◆ PROVIDED ENTRIES
···

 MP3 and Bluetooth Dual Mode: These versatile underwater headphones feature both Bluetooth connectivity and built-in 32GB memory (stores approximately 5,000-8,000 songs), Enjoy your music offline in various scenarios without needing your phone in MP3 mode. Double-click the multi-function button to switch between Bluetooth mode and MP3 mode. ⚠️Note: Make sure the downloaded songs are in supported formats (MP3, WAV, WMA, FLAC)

···

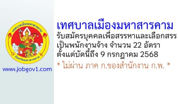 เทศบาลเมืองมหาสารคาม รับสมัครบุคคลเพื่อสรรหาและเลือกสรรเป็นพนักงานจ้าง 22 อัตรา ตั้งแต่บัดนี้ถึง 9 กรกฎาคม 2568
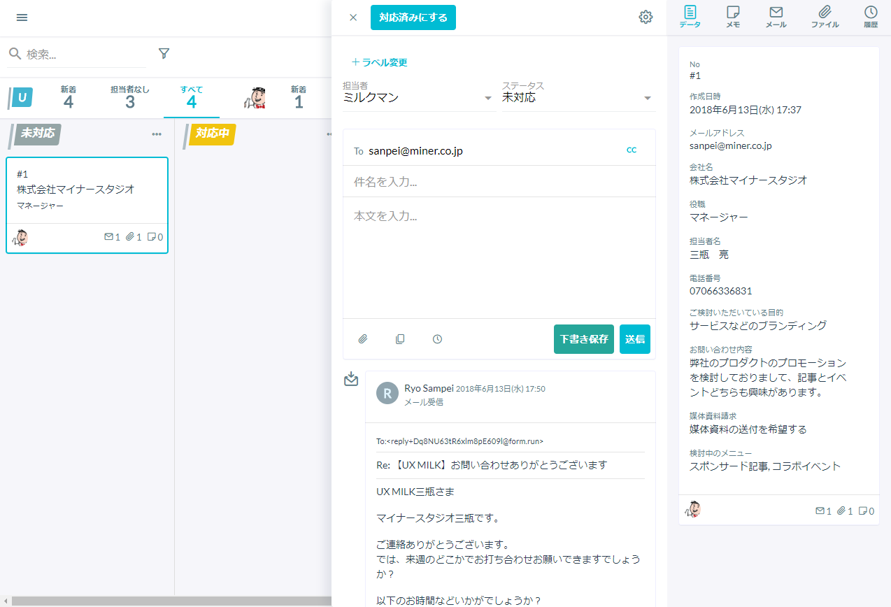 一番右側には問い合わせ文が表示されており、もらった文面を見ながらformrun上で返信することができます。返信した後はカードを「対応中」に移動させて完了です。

···

◆ TASK INSTRUCTIONS
From the line with "9 กรกฎาคม 2568" up to and including the line with "一番右側には問い合わせ文が表" above, retype every line exactly and nothing more; leave out the pictures.

◆ WRITTEN ANSWER
 เทศบาลเมืองมหาสารคาม รับสมัครบุคคลเพื่อสรรหาและเลือกสรรเป็นพนักงานจ้าง 22 อัตรา ตั้งแต่บัดนี้ถึง 9 กรกฎาคม 2568
 一番右側には問い合わせ文が表示されており、もらった文面を見ながらformrun上で返信することができます。返信した後はカードを「対応中」に移動させて完了です。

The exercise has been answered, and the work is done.